Simon Hewitt Jones - The Violin Blog

dudamel, conductor, simon bolivar youth orchestraThere was a lot of attention in England recently to the sensational Simon Bolivar Youth Orchestra of Venezuela.

(A video from their BBC Proms performance is here.)

A wonderful editorial in The Week magazine points out that the energy, pride, teamwork, long-worked-for skill and sense of belonging, though profound, is perhaps not the only reason for the success of El Systema, the Venezuelan music education system that pulls many disaffected youths out of trouble - serious trouble - and towards a better life. Those things are just the framework.

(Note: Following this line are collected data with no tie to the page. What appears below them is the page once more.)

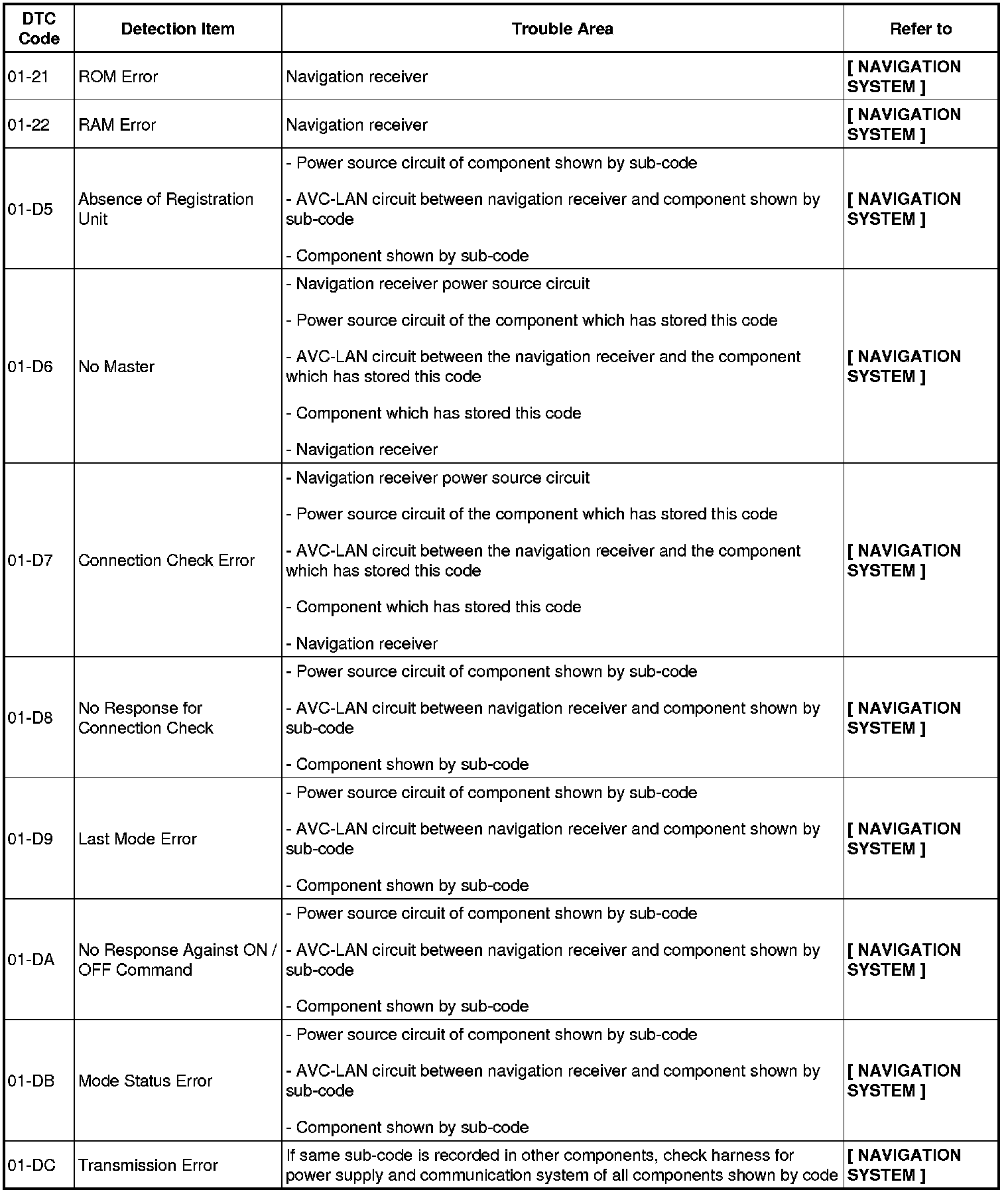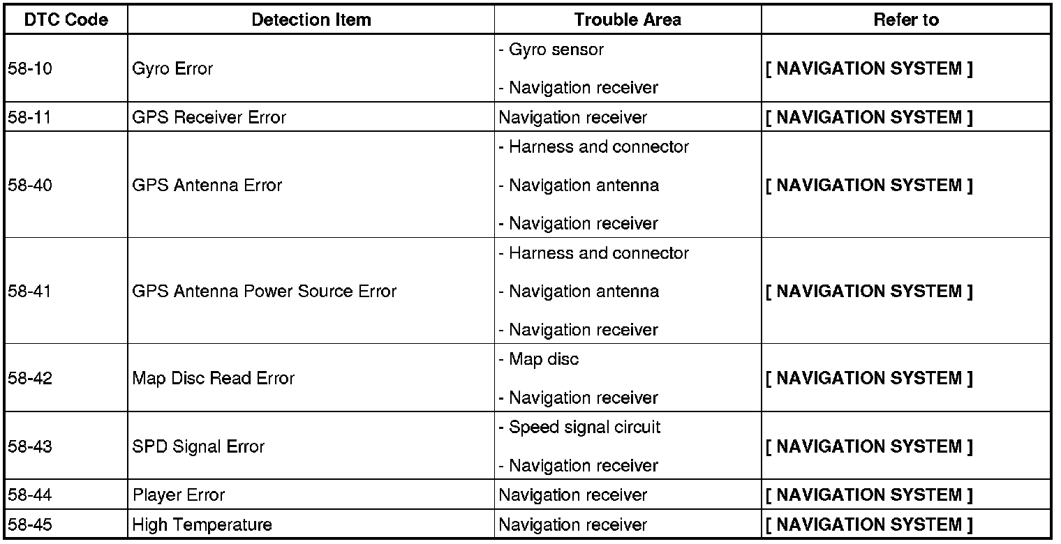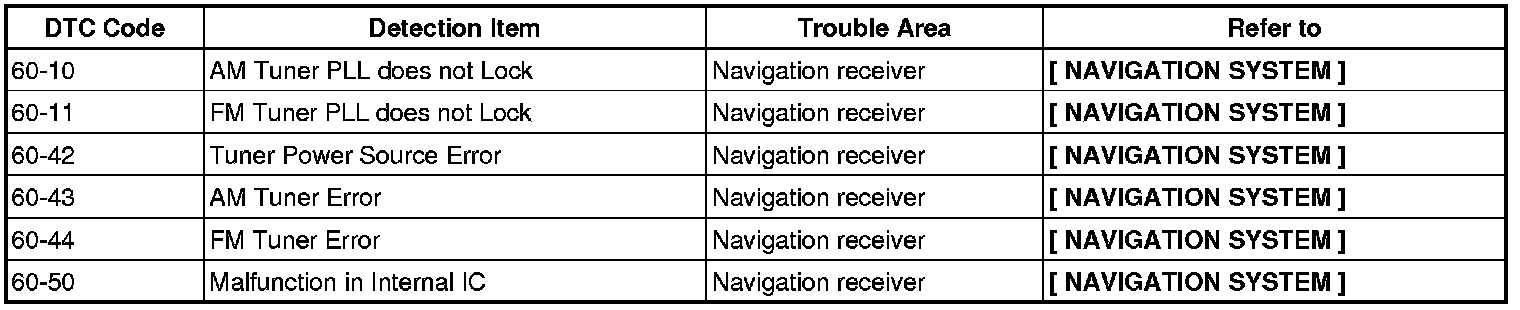 NAVIGATION: NAVIGATION SYSTEM (for CrewMax): DIAGNOSTIC TROUBLE CODE CHART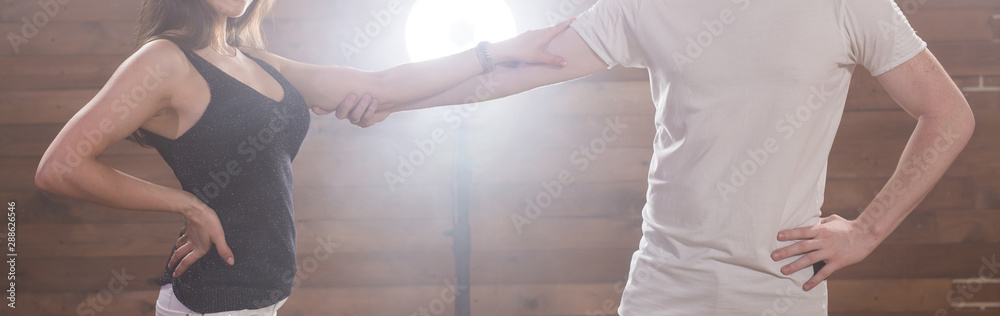 Salsa, kizomba and bachata close-up of dancers on wooden background. Social dance concept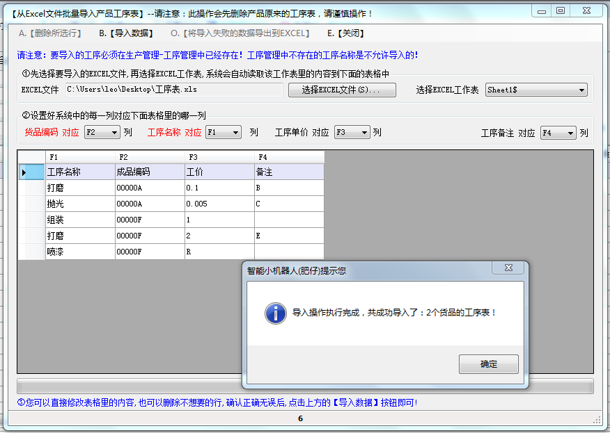 下面是EXCEL批量導(dǎo)入工序表的操作界面,操作方法是一樣的。大家可以參照上面的說明。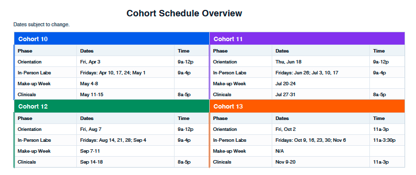 - Format: A mix of online, on-demand instruction (41 hours) + in-person sessions (23 hours of classroom/lab + clinicals) so you get both theory and hands-on practice.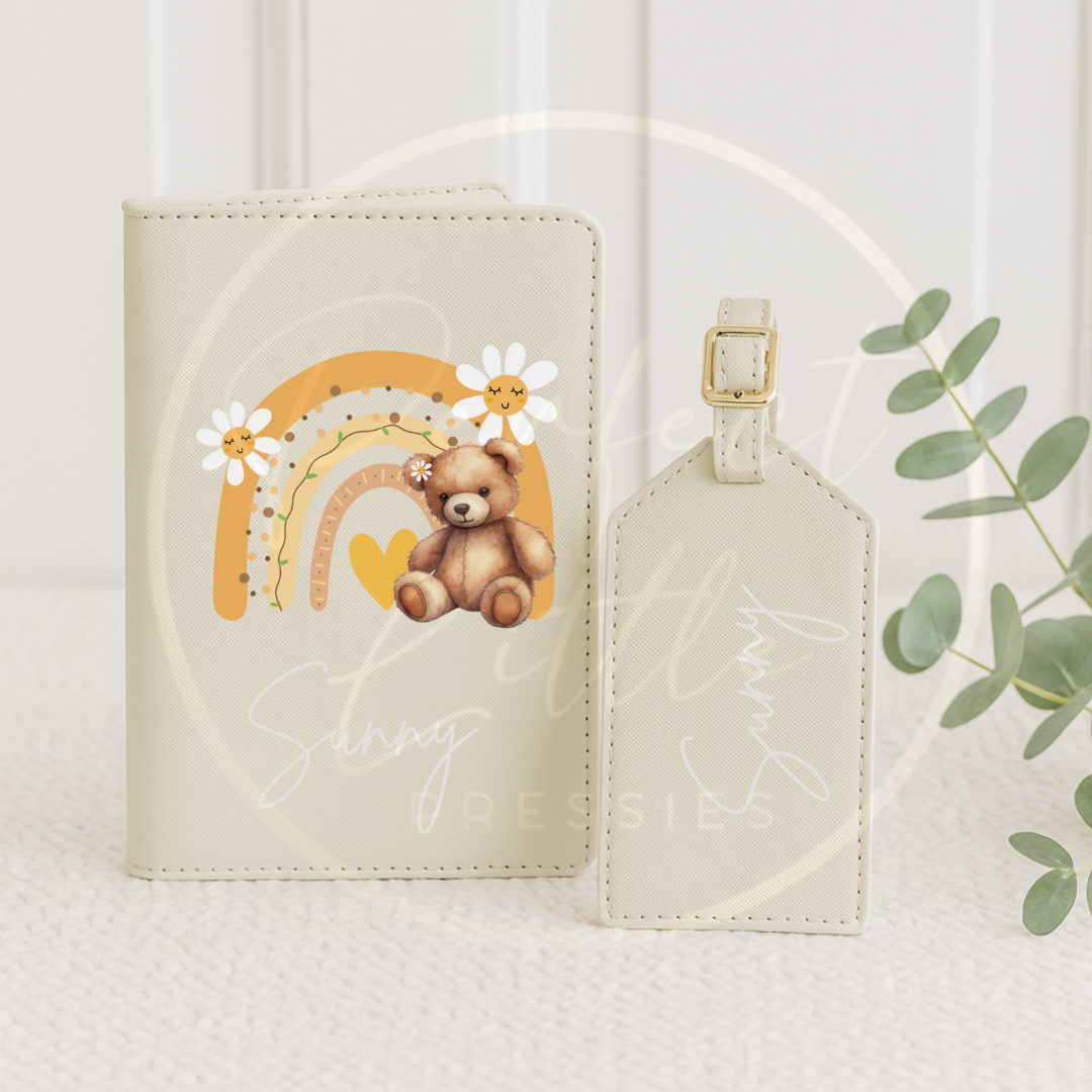 Personalised Passport Cover & Luggage Tag Set with Honey Bear Design – Sweet, Cute & Perfect for Little Adventurers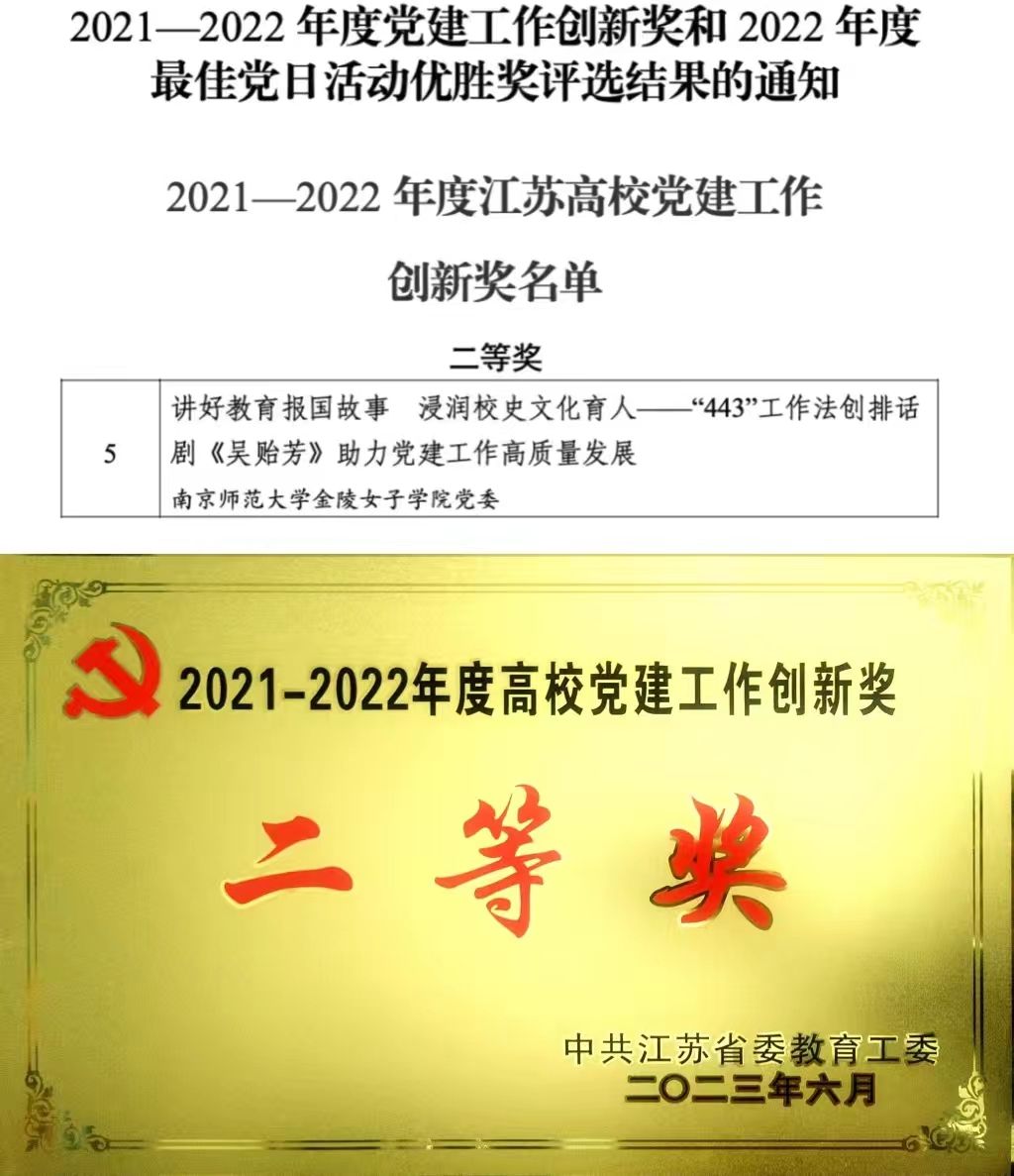 话剧《吴贻芳》作为南师大文化建设和思政精品培育项目,先后获评江苏省委教育工委“2023年江苏高校统战工作实践创新成果”一等奖、“2021-2022年度江苏高校党建工作创新奖”二等奖,是2023年南京市栖霞区重点文艺创作项目,并获得多项社会和校友资助。

What the classics give to people that perhaps rap or pop do not, is an exposure to emotions that go beyond the usual limits of adolescent aggression and sexual longing; a set of emotions massively more complex and difficult, yet infinitely interesting and fascinating. For these children of the poverty ghetto, that provides a more powerful outlet for expression than could ever be achieved through drugs and crime.

By feeding these people classic musical works, the educators behind the scheme are offering them a chance to grow up. For many, this is their only chance.

It’s rare for the effects of music education to be measurable in any useful way. But this is one of the most powerful demonstrations yet of the direct correlation between music education and real, powerful social change.